De Ritis, a professor at Northeastern University , calls the classical quotations “a bit of serendipity”: Learning the pieces were to be on the same 2004 concert as the premiere of Devolution, he realized how apt they were. “ ‘Bolero’ is just one big loop,” he points out, likening it to the repeated patterns that underpin hip-hop, and the famously obsessive “Allegretto” from the Seventh Symphony is “for Beethoven, as loopy as you’re going to get.” It all fit with De Ritis’s idea to, in essence, “remix the entire evening.”

Mackey grew up with rock, then received a traditional classical training when complex atonality was in vogue. “Because of a blip of history,” he recalls, “all my teachers were coming from a place where they were trying to purge vernacular references.” But after grad school, Mackey allowed himself to open up, bringing in rock-inspired rhythms and melodies and, starting in the 1980s, using the distinct sound of his own instrument, the electric guitar.

The ambitious Dreamhouse is the centerpiece of tomorrow’s concert.
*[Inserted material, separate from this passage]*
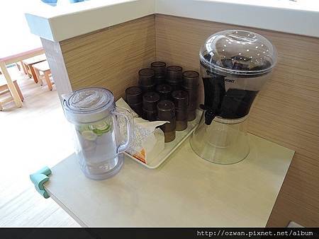 現場提供兩種飲用水,檸檬水、竹炭水,想喝哪種自己來。

The 45-minute oratorio, first performed in the Netherlands in 2003, outlines the building of a house: An architect (sung by Eckert, who co-wrote the libretto with Mackey) poetically describes each aspect of the construction, then tries to convince the audience that the result is what they’ve always wanted.

Mackey, a professor at Princeton , was composing in the wake of the 9/11 attacks and his own divorce; both text and music provocatively leave room for as broad an interpretation as the listener may wish. Mackey doesn’t consider the work a specific criticism of any person or policy: “More overtly, it’s a metaphor for any relationship,” either with someone else or with one’s country, he says. “In a funny way, I actually think of the piece as being patriotic. Not in any ironic way, but in an honest, glorious way.”

Dreamhouse makes room for a century’s worth of disparate musical styles, all woven into Mackey’s distinct voice. Mackey considers that squarely in the mold of his classical predecessors. “Take Mozart,” he says. “There’s traditional counterpoint, Austrian folksong, Italian opera, sacred music, it’s all in there -- but to us, today, it’s just classical music.”

Ziporyn agrees. “Mozart and Bach, they were very cosmopolitan composers. They didn’t decide not to use a tune because it was too folk-like. That’s the tradition in concert music: to be a survey of the whole culture.” For De Ritis, that goal is part of the artist’s responsibility. “What’s crucial to me as an American composer,” he says, “is to reflect what’s happening around me.”